Traditional languages use mutable data, meaning you change the state of data in objects. Clojure uses immutable data structures, meaning you create a copy of the object and then make the change to the spefic data leaving the rest of the object the same. For example if you had an object Person which had data name you would, with mutable data structures, setName and the object state would now be changed. In Clojure you would make a “copy” of the object and then change the data in the new object leaving any other attribute the same. Of course now you would have a problem since you have two copies of the object Person which takes up a lot of memory if you were to create thousands of changes, so Clojure deals with this using a GitHub version control style system for tracking changes. So it’s not that the Person object is copied when changes are made but rather a track of the changes are made which can be accessed as a object.
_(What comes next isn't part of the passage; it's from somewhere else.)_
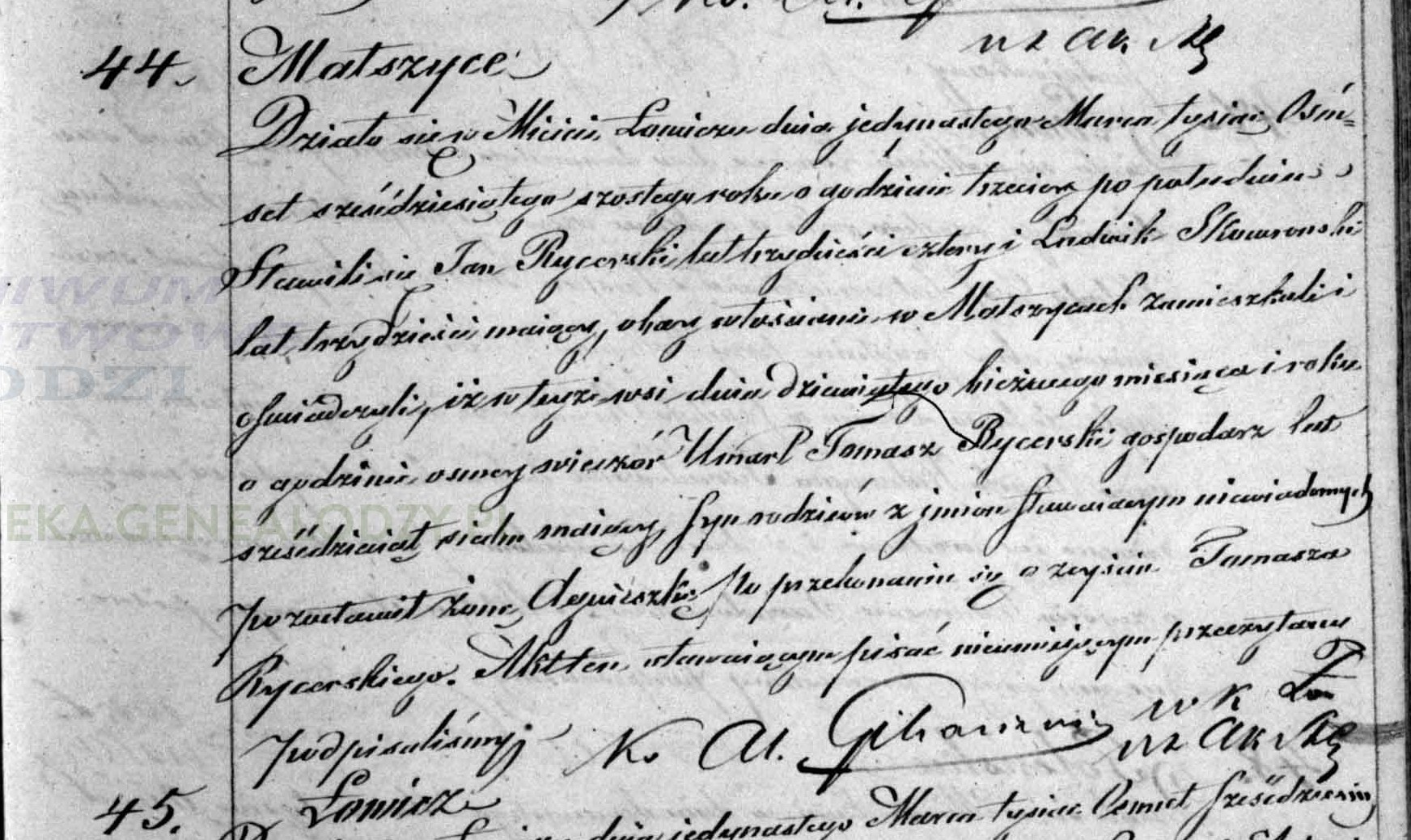 metryka zgonu Tomasz Rycerski m. Agnieszki 19.03.1866 Małaszyce

Clojure has a strong infrastructure for multi threaded programming. Like I said before the world we live in is strongly moving to distributed processing and multi-core processors. Clojure provides a perfect way in handling this not only in its multi threaded programming but also with the immutable data structures we talked about above. The problems arises with tracking data that is changed when streamed across different threads. If the object Person is accessed across 12 different threads and is changed the handling of that change can become very difficult when multiple threads are trying to access/set the same data. With immutable data types a tracked copy is made which can be accessed without the problem of collisions through accessing or setting data at the same time. Think of it much like a group of people modifying an excel spreadsheet at the same time.

Clojure is a functional language which provides many fun advantages to coding namely the dynamic, expressive nature of writing code. Yet Clojure has is that it still access to the full Java library because Clojure runs on the JVM. This means Clojure has the best of both worlds being fun, expressive syntax with the solid backing of a language like Java.

I probably haven’t covered all the advantages of this new language and I certainly haven’t covered the know dis-advantages but I have explained some of the pro’s that considering where things are going, are hard to argue against.